**Work to be completed**
For this exercise, retype the lines from the one that holds "Elegante bastón de" through the one that holds "基本的には上記スケジュールに" in the records below, both included, exactly and without pictures.

**Exercise input**
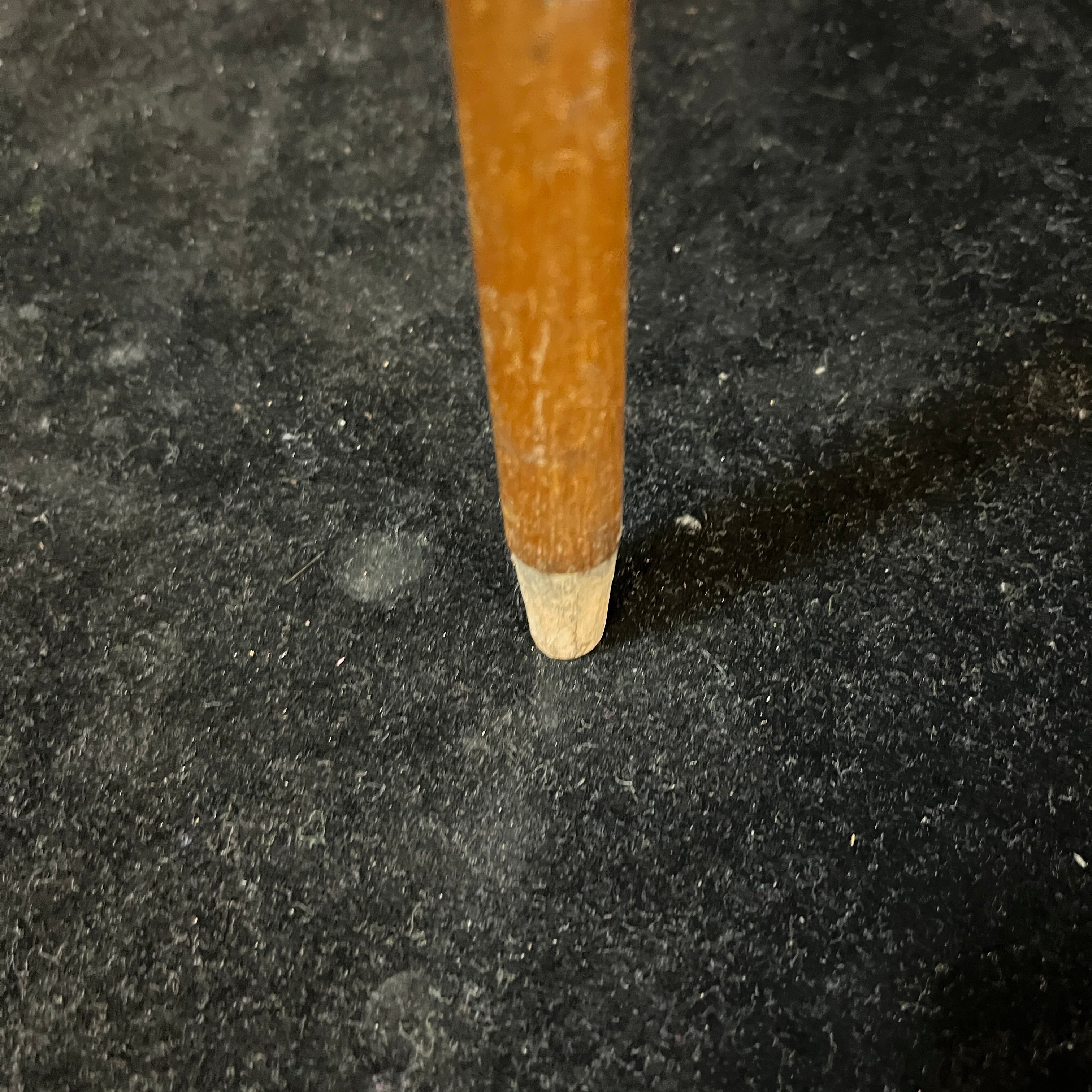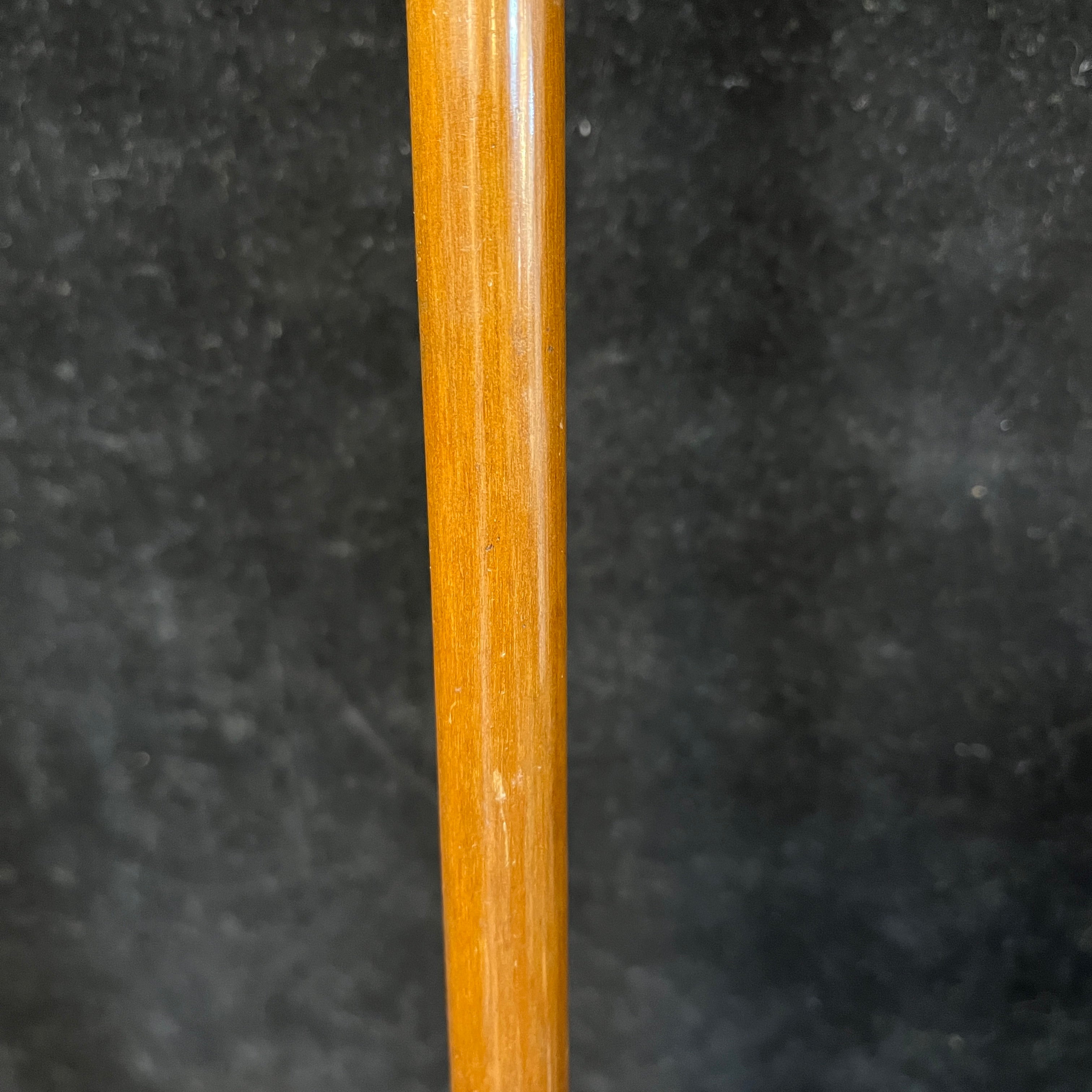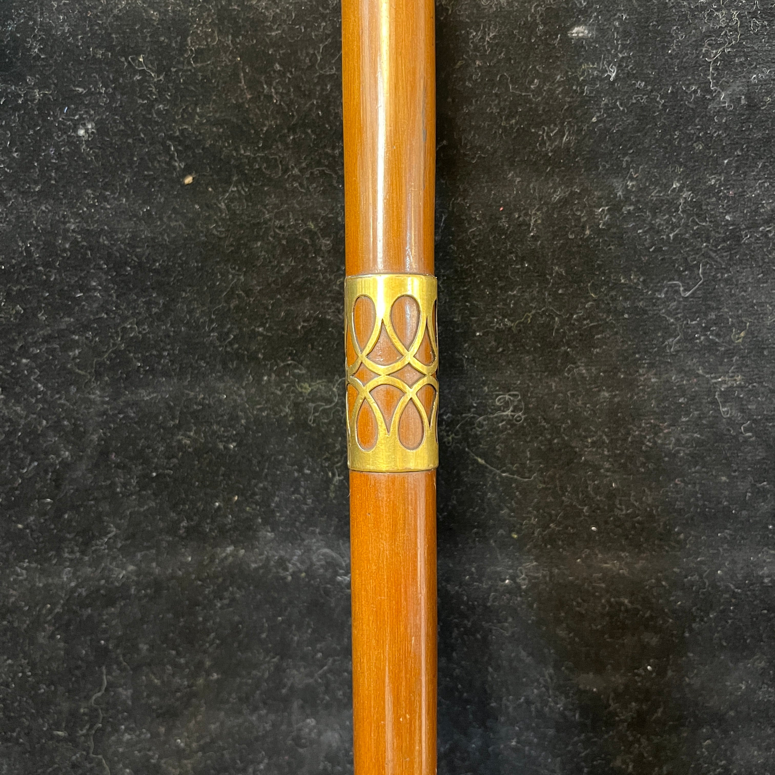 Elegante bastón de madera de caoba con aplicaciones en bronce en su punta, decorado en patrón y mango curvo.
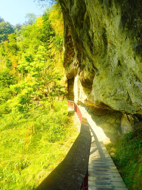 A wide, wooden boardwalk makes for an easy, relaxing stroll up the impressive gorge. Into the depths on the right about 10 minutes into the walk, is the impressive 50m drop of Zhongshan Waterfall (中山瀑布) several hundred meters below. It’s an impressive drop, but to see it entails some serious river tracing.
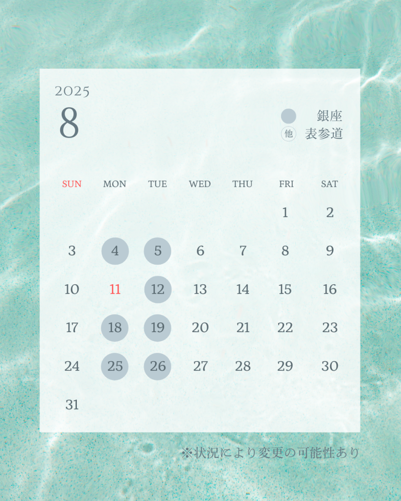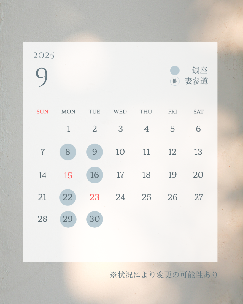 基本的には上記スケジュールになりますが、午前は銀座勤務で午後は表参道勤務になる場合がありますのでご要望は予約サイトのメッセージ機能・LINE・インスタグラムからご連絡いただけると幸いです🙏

* * *

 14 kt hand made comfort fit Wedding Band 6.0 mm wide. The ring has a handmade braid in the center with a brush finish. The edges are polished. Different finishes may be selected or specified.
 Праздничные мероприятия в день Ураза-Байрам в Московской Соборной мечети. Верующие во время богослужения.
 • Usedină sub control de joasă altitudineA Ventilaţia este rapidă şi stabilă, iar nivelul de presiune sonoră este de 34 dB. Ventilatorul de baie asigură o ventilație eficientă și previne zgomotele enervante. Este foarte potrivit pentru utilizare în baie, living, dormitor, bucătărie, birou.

---

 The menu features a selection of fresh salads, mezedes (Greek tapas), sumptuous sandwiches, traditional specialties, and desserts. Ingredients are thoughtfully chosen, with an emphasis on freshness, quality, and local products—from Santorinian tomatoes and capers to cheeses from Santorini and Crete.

**Output for this task**
 Elegante bastón de madera de caoba con aplicaciones en bronce en su punta, decorado en patrón y mango curvo.
 A wide, wooden boardwalk makes for an easy, relaxing stroll up the impressive gorge. Into the depths on the right about 10 minutes into the walk, is the impressive 50m drop of Zhongshan Waterfall (中山瀑布) several hundred meters below. It’s an impressive drop, but to see it entails some serious river tracing.
 基本的には上記スケジュールになりますが、午前は銀座勤務で午後は表参道勤務になる場合がありますのでご要望は予約サイトのメッセージ機能・LINE・インスタグラムからご連絡いただけると幸いです🙏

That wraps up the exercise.